According to the Financial Times, staff were informed of the proposed move on Wednesday (10 June), with the firm stating that the restructuring was planned prior to Covid-19 but was delayed following the lockdown announcement on 23 March.
A spokesperson told Accountancy Today: “I can confirm we are progressing with a restructuring project which was planned prior to the Covid-19 outbreak, but was subsequently put on hold during the lockdown.
“This involves areas of our tax and advisory business where we are unable to achieve the levels of profitability aligned to our business plan and puts the roles of around 70 people at risk. We are consulting with those individuals affected, and discussing redeployment options where suitable.”

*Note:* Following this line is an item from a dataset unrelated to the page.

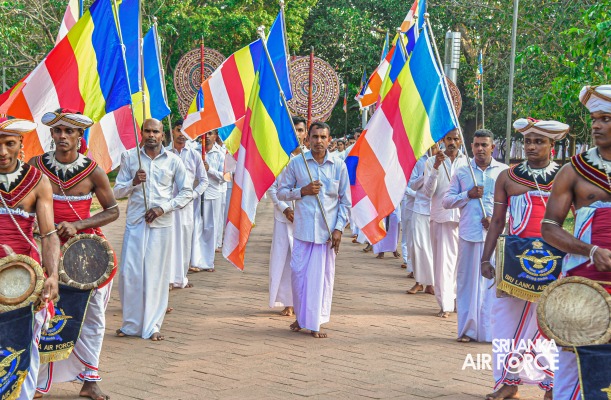 The colorful procession, made up of traditional dancers and flower offerings for the “Kapruk Pooja,” commenced from the sacred Jaya Sri Maha Bodhi premises and proceeded to the Ruwanweliseya. The Kapruk Pooja was followed by a Dharma Sermon delivered by the deputy head of the Maha Vihara Piriven, Venerable Kudagalawewa Ghanawimala Thero.

The spokesperson added: “Having assessed the criteria for using furlough, the firm believes it would be inappropriate for it to do so in these circumstances. The furlough mechanism was designed to preserve roles that had temporarily diminished or ceased as a result of Covid-19 and where there is a reasonable prospect of that work returning as the UK comes out of lockdown.
“As these roles at risk were deemed unsustainable in the future, it would be inappropriate for them to be furloughed. Whilst not an easy decision to take, particularly at this time, we are supporting those impacted asbest we can in these circumstances.”

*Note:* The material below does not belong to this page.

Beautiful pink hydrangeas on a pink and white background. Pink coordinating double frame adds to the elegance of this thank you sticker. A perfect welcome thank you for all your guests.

In April Grant Thornton reportedly cut the pay and hours of what was reported to be around 300 members of staff whose workload had declined due to the pandemic, in a bid to mitigate the impact of Covid-19 on profits.
A spokesperson for Grant Thornton UK said at the time that although it entered this “unprecedented period” in a “strong financial position” it expected the impact of Covid-19 to mean its profits may come in 20% below previous expectations.